▶ EXERCISE PROMPT: Look for the line containing "Asamblare tort: Cel" and the line containing "Lotus eğlenceli 18K" in the entries below. Copy those two and all lines between them exactly, leaving out pictures.

▶ DATA SHOWN:
==================================================

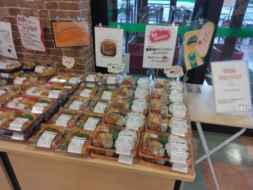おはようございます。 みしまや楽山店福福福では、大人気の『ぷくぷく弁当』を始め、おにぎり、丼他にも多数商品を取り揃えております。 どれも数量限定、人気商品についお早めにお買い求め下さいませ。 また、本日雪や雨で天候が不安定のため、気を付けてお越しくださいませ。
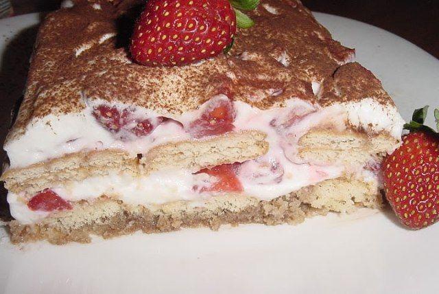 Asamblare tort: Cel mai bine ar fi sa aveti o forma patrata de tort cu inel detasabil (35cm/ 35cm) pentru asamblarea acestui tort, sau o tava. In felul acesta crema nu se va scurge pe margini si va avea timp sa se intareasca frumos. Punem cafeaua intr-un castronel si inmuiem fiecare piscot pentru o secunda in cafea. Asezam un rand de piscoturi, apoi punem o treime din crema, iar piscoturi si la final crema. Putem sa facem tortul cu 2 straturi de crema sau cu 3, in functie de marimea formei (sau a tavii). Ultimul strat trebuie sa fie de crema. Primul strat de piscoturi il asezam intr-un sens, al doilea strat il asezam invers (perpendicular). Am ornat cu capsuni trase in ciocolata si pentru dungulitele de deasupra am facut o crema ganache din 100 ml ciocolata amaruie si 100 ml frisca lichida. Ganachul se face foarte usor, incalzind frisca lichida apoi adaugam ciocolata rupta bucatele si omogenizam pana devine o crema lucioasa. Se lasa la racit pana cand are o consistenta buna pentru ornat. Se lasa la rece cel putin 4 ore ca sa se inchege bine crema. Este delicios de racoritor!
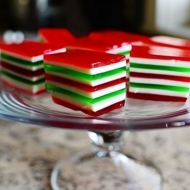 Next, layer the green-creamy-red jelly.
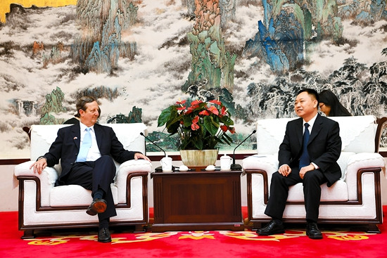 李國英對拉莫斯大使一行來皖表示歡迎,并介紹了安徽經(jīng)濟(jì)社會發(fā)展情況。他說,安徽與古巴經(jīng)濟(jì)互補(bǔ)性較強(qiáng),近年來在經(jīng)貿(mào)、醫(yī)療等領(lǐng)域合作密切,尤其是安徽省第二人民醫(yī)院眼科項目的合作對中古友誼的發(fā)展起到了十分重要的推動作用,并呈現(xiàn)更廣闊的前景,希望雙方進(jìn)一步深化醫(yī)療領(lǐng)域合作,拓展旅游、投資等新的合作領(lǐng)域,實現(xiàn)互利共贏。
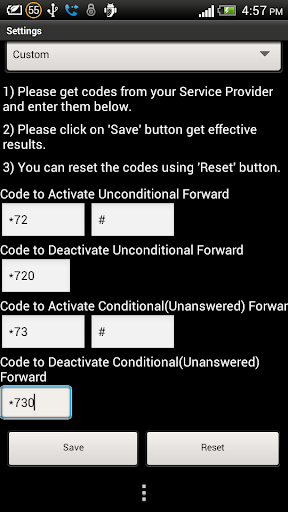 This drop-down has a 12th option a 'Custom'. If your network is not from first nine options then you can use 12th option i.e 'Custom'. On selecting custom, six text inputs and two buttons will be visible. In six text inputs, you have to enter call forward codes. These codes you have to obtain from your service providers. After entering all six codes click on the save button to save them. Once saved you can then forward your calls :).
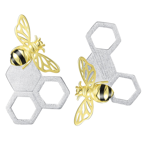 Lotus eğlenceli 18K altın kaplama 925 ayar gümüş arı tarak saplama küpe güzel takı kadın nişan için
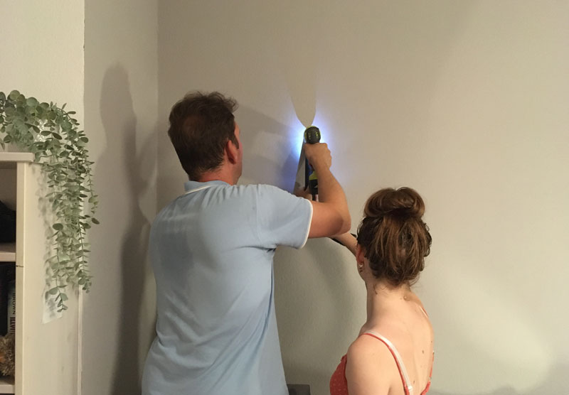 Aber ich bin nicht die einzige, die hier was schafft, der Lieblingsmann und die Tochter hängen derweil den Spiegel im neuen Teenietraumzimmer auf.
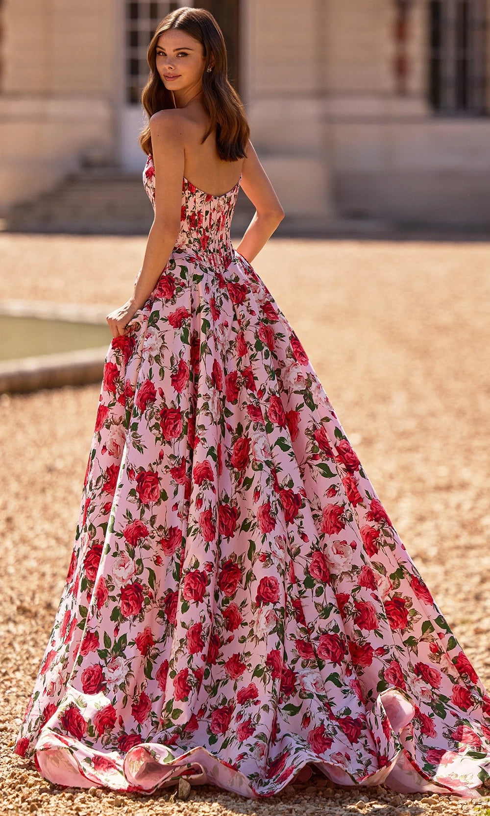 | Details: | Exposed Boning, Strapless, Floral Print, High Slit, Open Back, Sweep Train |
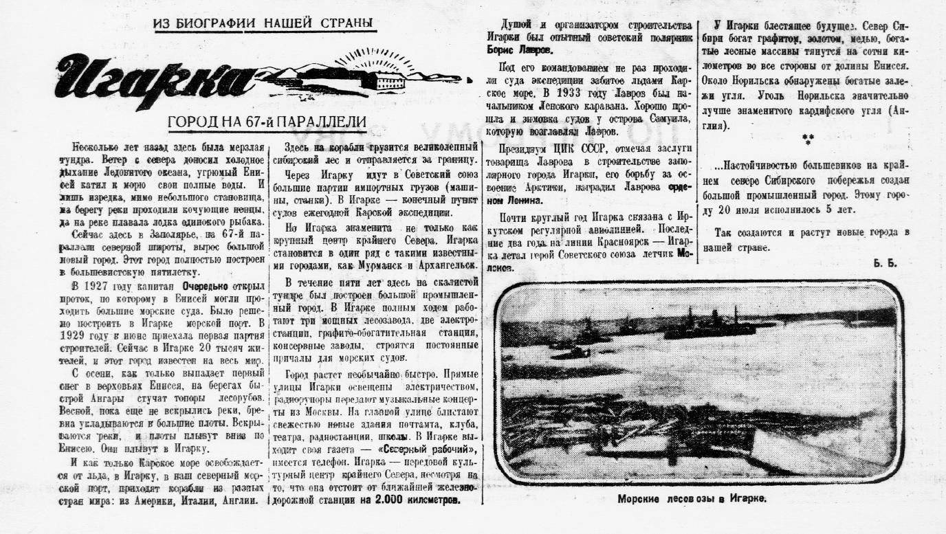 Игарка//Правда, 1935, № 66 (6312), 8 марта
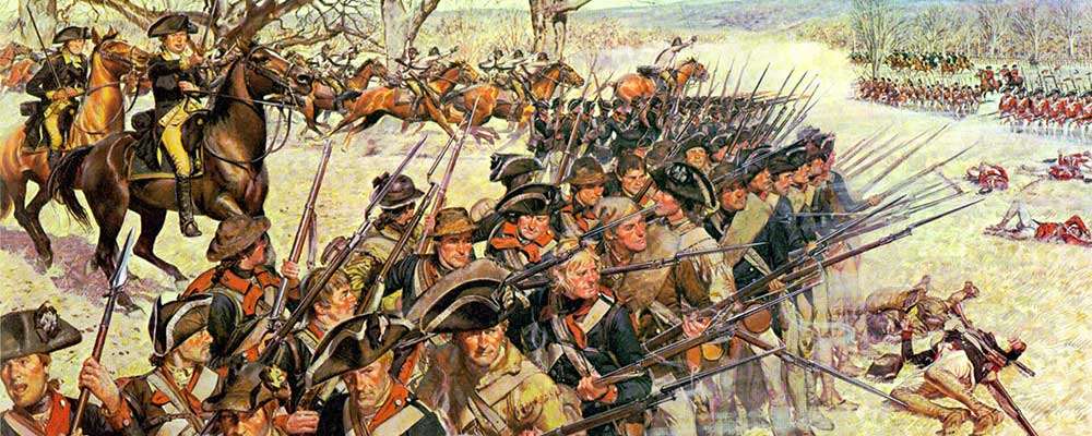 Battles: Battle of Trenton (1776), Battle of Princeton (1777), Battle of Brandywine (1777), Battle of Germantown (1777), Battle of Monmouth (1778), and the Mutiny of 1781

==================================================

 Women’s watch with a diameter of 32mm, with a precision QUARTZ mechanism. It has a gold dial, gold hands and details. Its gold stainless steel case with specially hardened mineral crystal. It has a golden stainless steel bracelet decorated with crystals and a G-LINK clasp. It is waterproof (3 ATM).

==================================================

▶ EXERCISE OUTPUT:
 Asamblare tort: Cel mai bine ar fi sa aveti o forma patrata de tort cu inel detasabil (35cm/ 35cm) pentru asamblarea acestui tort, sau o tava. In felul acesta crema nu se va scurge pe margini si va avea timp sa se intareasca frumos. Punem cafeaua intr-un castronel si inmuiem fiecare piscot pentru o secunda in cafea. Asezam un rand de piscoturi, apoi punem o treime din crema, iar piscoturi si la final crema. Putem sa facem tortul cu 2 straturi de crema sau cu 3, in functie de marimea formei (sau a tavii). Ultimul strat trebuie sa fie de crema. Primul strat de piscoturi il asezam intr-un sens, al doilea strat il asezam invers (perpendicular). Am ornat cu capsuni trase in ciocolata si pentru dungulitele de deasupra am facut o crema ganache din 100 ml ciocolata amaruie si 100 ml frisca lichida. Ganachul se face foarte usor, incalzind frisca lichida apoi adaugam ciocolata rupta bucatele si omogenizam pana devine o crema lucioasa. Se lasa la racit pana cand are o consistenta buna pentru ornat. Se lasa la rece cel putin 4 ore ca sa se inchege bine crema. Este delicios de racoritor!
 Next, layer the green-creamy-red jelly.
 李國英對拉莫斯大使一行來皖表示歡迎,并介紹了安徽經(jīng)濟(jì)社會發(fā)展情況。他說,安徽與古巴經(jīng)濟(jì)互補(bǔ)性較強(qiáng),近年來在經(jīng)貿(mào)、醫(yī)療等領(lǐng)域合作密切,尤其是安徽省第二人民醫(yī)院眼科項目的合作對中古友誼的發(fā)展起到了十分重要的推動作用,并呈現(xiàn)更廣闊的前景,希望雙方進(jìn)一步深化醫(yī)療領(lǐng)域合作,拓展旅游、投資等新的合作領(lǐng)域,實現(xiàn)互利共贏。
 This drop-down has a 12th option a 'Custom'. If your network is not from first nine options then you can use 12th option i.e 'Custom'. On selecting custom, six text inputs and two buttons will be visible. In six text inputs, you have to enter call forward codes. These codes you have to obtain from your service providers. After entering all six codes click on the save button to save them. Once saved you can then forward your calls :).
 Lotus eğlenceli 18K altın kaplama 925 ayar gümüş arı tarak saplama küpe güzel takı kadın nişan için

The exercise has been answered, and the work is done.